Annexin A1 inhibits the maturation of dendritic cells while increasing their th1 skewing properties

Anthony Huggins, Mauro Perretti and Fulvio D’Acquisto. William Harvey Research Institute, Queen Mary University of London, Charterhouse Square, London EC1M 6BQ.

In peripheral tissues dendritic cells (DCs) act as sentinels and, upon recognition of foreign antigens, they migrate to proximal lymph nodes where they activate T lymphocytes specific for the antigen encountered. The inflammatory mediators influencing DC migration also induce transformation of DCs into cells capable of influencing T cells polarization. DCs are more than a simple “on/off” switch of the immune response; rather, subtypes of DCs exert more subtle forms of control by influencing the character of T-cell differentation into T helper type 1, type 2, or non-polarized T-cell (Lanzavecchia and Sallusto, 2001). Studies carried out in our laboratory have shown that Annexin A1 (AnxA1) favours Th1 response in vivo and in vitro. Here we asked whether AnxA1 might influence DC maturation and activation.

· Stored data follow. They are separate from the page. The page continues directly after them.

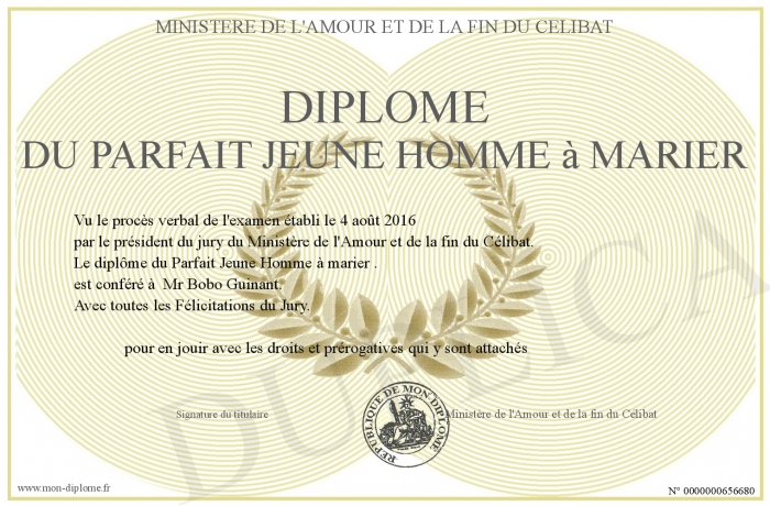 Envoyez par email votre Diplôme du parfait jeune homme à marier personalisé
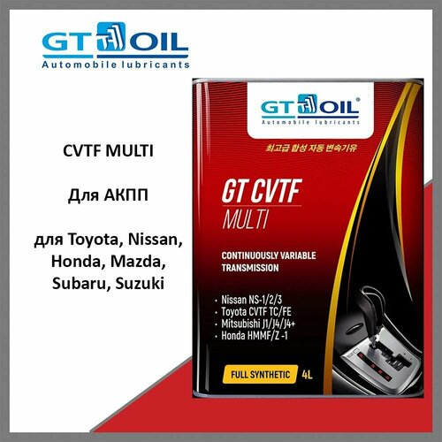 GT CVTF Multi – полностью синтетическое масло, специально разработанное для большинства автоматических коробок передач с плавно изменяемым передаточным числом (CVT).
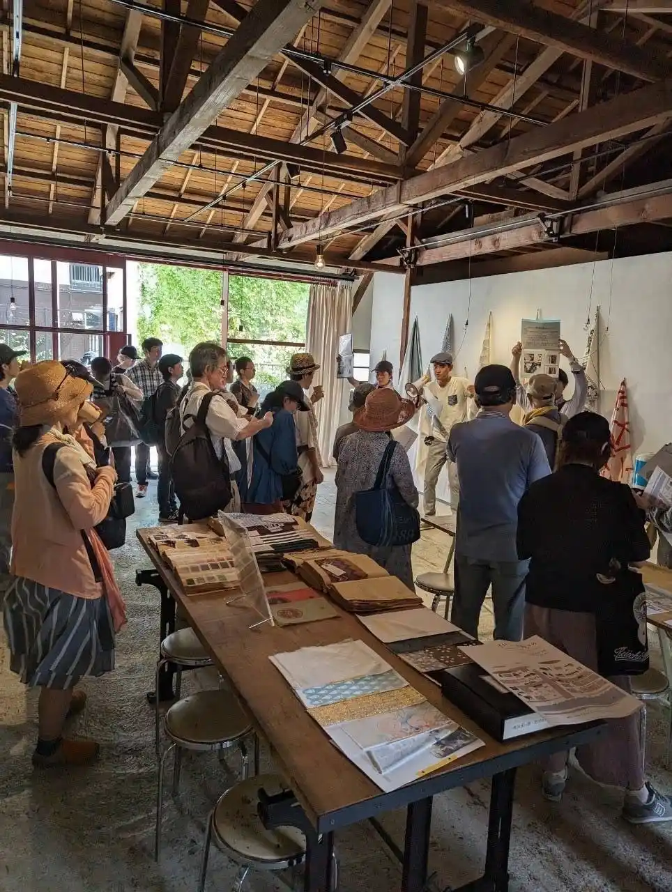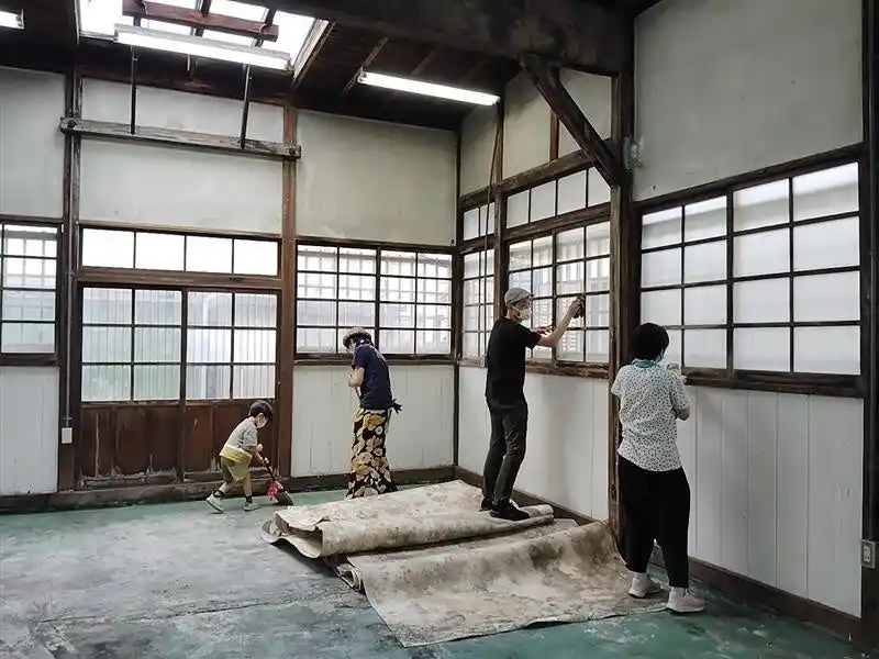 織物工場跡。芸術祭メイン会場。美術展示のほかに、地域の職人さんやお店とコラボレーションをして制作した、公式グッズの販売なども行います。作家さんや地域の方とお掃除している様子。 |
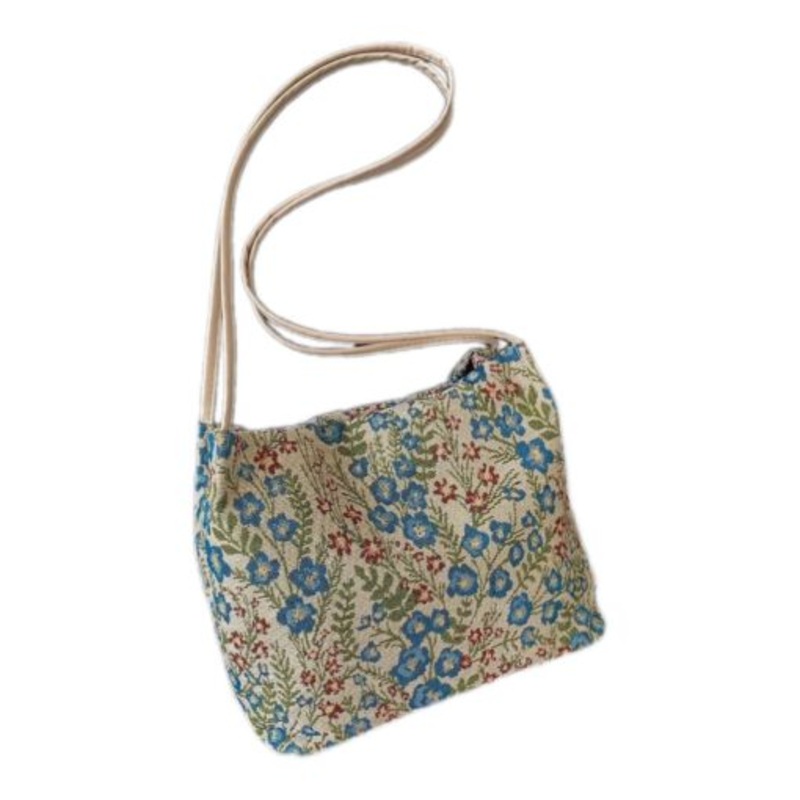 TEEzbyG78YBqXBlue Floral Pattern Beige Linen Shoulder Handbag
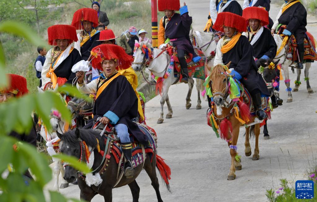 易地扶貧搬遷新村——西藏山南市加查縣冷達鄉(xiāng)共康村村民們身著盛裝歡度“望果節(jié)”(7月9日攝)。新華社記者 張汝鋒 攝
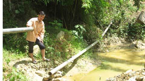 Khổ nhất là những hộ ở cheo leo bên sườn núi, bê được can nước lên đến nơi, rồi lại bê lên nhà sàn, mệt không thể nào kể hết. Bởi, hệ thống ống dẫn nước tự chảy của bản được lắp đặt từ đầu nguồn khe Líp, lâu nay việc khai thác vàng dọc khe đã làm cho đường ống bị rò rỉ và đứt gãy nhiều chỗ nên dòng nước bị ách tắc.

DCs were obtained by culturing bone marrow cells from male C57/BL6 mice (6-8 weeks of age) with GM-CSF derived from X63-GMCSF cell supernatants for 12 days (Slade and Langhorn, 1989). Thereafter, DCs were pre-treated with hrAnx-A1 (300 nM) for 1h and then primed with lipopolysaccharide (LPS 10 pg/ml) for further 24h. Cytokine tumour necrosis factor (TNF)-α and interleukin (IL)-12 release was measured with specific ELISA (eBioscience, Middlesex, UK). The effect of hrAnxA1 on phagocytosis in DCs, a mechanism characteristic and distinctive of immature DCs vs mature DCs, was studied using FITC-dextran (1mg/ml, 1h; Sigma-Aldrich, Poole, UK). MHC class II, CD40, CD54, and CD86 expression on DC was monitored by FACS using specific monoclonal antibodies (eBioscience). Data were analysed by ANOVA and Bonferroni test.

Stimulation of DCs with LPS increased TNF-α and IL-12 production (pg/ml: 150 ± 12 and 42 ± 2 vs. 90 ± 3 and 24 ± 1 in control cells, respectively; n=3, P<0.05). Pre-treatment with hrAnxA1 inhibited TNF- production by 78 ± 7% (n=3; P<0.01) while increasing IL-12 release by 122 ± 15% (n=3; P<0.01). The endocytic capacity of hrAnxA1 treated mature DCs was strongly increased (100 ± 3%; n=3; P<0.01). Finally, analysis of MHC class II, CD40, CD54, and CD86 expression demonstrated that hrAnxA1 increased the expression of all surface markers (25 ± 1%, 24 ± 2%, 10 ± 1% and 31 ± 2%, respectively; n=3; P<0.05) as compared to LPS-stimulated cells.

These results demonstrate that hrAnxA1 inhibits DC maturation and antigen up-take by decreasing the production of early cytokines involved in this process (such as TNF-). The protein affects their Th1 skewing phenotype by increasing IL-12 release and T cell co-stimulatory molecule expression. Thus, AnxA1 might influence adaptive immunity by converting DCs from an antigen-capturing into a T cell–sensitizing mode.

Lanzavecchia A and Sallusto F (2001) Cell. 106,253-266.
Slade SJ and Langhorn J (1989) Immunobiology 179,353-65.

This work was supported by the William Harvey Research Foundation. FDA is supported by the Medical Research Council; MP by the Arthritis Research Campaign.